Can someone tell me how I have to glue together the hyperbolic plane
so that I get the surface (Klein's quartic) shown to the left. I found this picture on the net, but without a desription how to glue.
thanks!

 

[mathwonk]

this is a fun question. i don't know the answer but it is fun staring at the pictures. since the klein quartic is a surface of genus 3, one must mnake a minimum of 6 loop cuts to render it topologically a disc as in th picture. but there are 14 edges to the disc in the picture. this has something to do with th symmetries of the klein quartic which has symmetries of orders 2,3, 7, so the decomposition is done in a way that respects these symmetries. e.g. rotation of order 7 about the center gives one of the automorphisms of the quartic, but i don't quite see how to glue it back together.

 

[jim mcnamara]

Oh brother.
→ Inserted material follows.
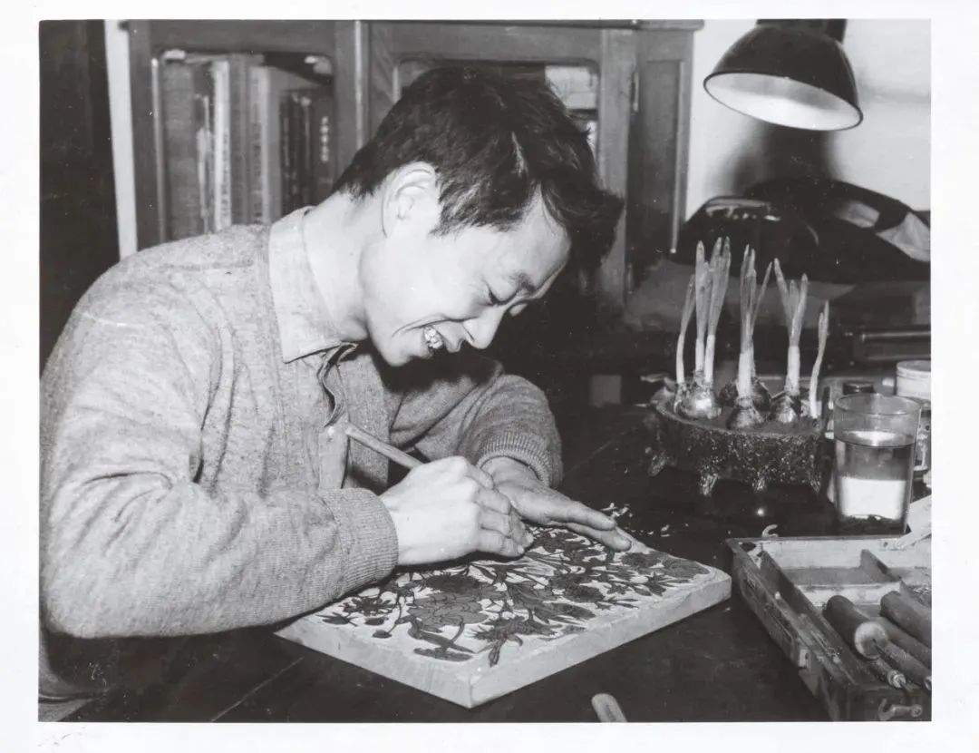 1962年黄永玉在校尉营美院宿舍刻花卉

Beyond my pay grade - so John Baez on understanding part of this problem
http://www.tony5m17h.net/JBGEKQ.html

Neat movie.

 

[mathwonk]

this is a nice link with a description of how to glue, but it puzzles me since again making more than 6 loops cuts would separate the disc, so somehow those cuts are not all loop cuts?

 

[zinq]

Since the genus of a g-holed torus is g, the Klein quartic has genus 3, and hence Euler characteristic 2 - 2g = -4.

After identifying the edges in pairs, there will be 1 2-cell, 7 edges, and say V vertices.
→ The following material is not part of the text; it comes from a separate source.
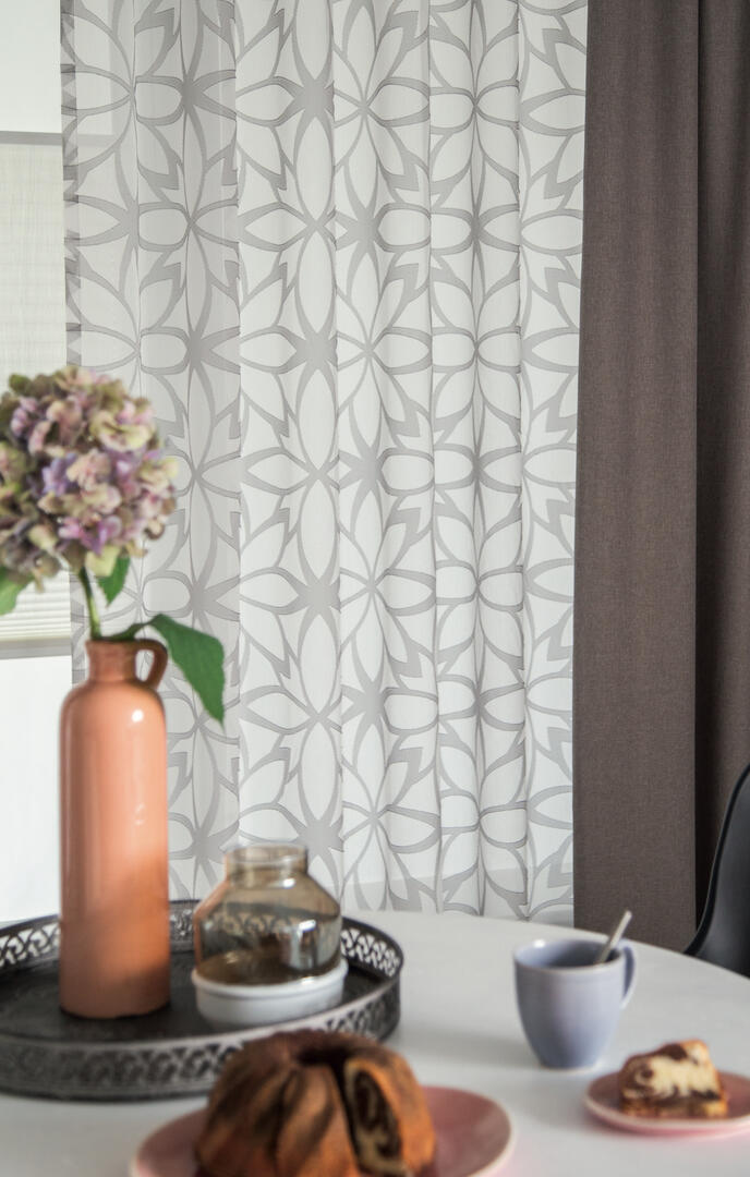 Mooie en unieke transparante vitrages en inbetweens perfect geconfectioneerd, dat is wat we belangrijk vinden. Dat geldt zeker ook voor deze inbetween Yelena. De stof is kamerhoog en voorzien van een loodveter waardoor deze inbetween altijd mooi in de plooi valt. De Yelena komt het mooist tot z’n recht met een vlinder of tri-plooi.

The alternating sum 1 - 7 + V is the Euler characteristic, so we have

1 - 7 + V = -4​

and so

V = 2.​

The reason that the number of cuts seemed too many is that there will be 2 vertices after identification, not just 1.

 

[mathwonk]

equivalently the last cut along the edge joining the two distinct vertices is not a loop cut.

 

[zinq]

In fact, all 7 "cuts" are between the two vertices. Though it is better to call them edges.